A novel configuration of gluonic tetraquark state

TL;DR

This paper uses QCD sum rules to calculate the masses of gluonic tetraquark hybrid states, providing theoretical support for interpreting the X(6900) as a tetracharm hybrid and predicting bottom sector states for future experiments.

Contribution

It introduces a novel calculation of gluonic tetraquark hybrid masses with specific quantum numbers, extending the understanding of exotic hadrons in QCD.

Findings

Charm sector tetracharm hybrid with $0^{++}$ has a mass around 6.98 GeV.

Charm sector $0^{-+}$ state has a mass around 7.26 GeV.
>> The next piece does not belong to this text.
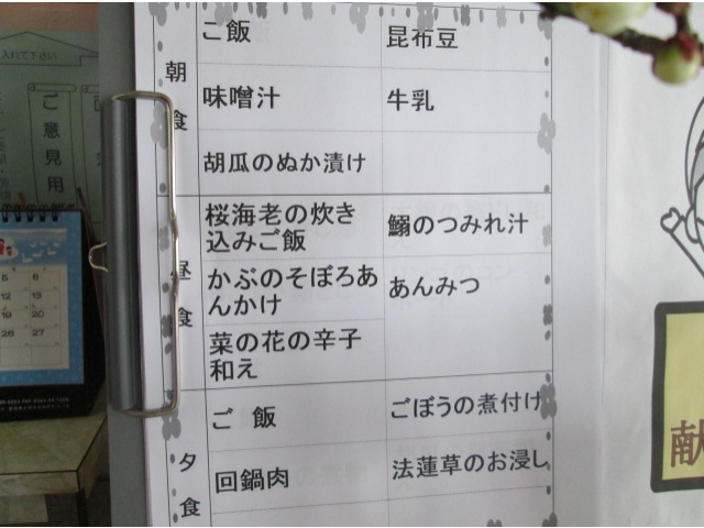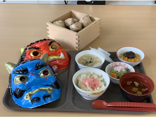 昼食も行事食で、春を感じるメニューになっていました。2月3日は立春です。午前中雪交じりの雨も降っていましたが、施設内の梅も花を咲かせているなど、春はゆっくり近づいてきているようです。

Predicted bottom sector hybrid masses are approximately 19.30 GeV and 19.50 GeV.

Abstract

Inspired by the experimental measurement of the charmed hadronic state X(6900), we calculate the mass spectra of tetraquark hybrid states with configuration of \([8_{c}]_{Q\bar{Q}} \otimes [8_{c}]_{G} \otimes [8_{c}]_{Q\bar{Q}}\) in color, by virtue of QCD sum rules. The two feasible types of currents with quantum numbers $J^{PC} = 0^{++}$ and $0^{-+}$ are investigated, in which the contributions from operators up to dimension six are taken into account in operator product expansion (OPE). In the end, we find that, in charm sector, the tetracharm hybrid states with quantum number \(0^{++}\) has a mass of about \(6.98^{+0.16}_{-0.14} \, \text{GeV}\), while \(0^{-+}\) state mass is about \(7.26^{+0.16}_{-0.15} \, \text{GeV}\). The results overlap with the experimental observations, suggesting potential tetracharm hybrid interpretations. In bottom sector, calculation shows that the masses of tetrabottom hybrid states with quantum numbers $0^{++}$ and $0^{-+}$ are \(19.30^{+0.16}_{-0.17} \, \text{GeV}\) and \(19.50^{+0.17}_{-0.17} \, \text{GeV}\), respectively, which are left for future experimental confirmation.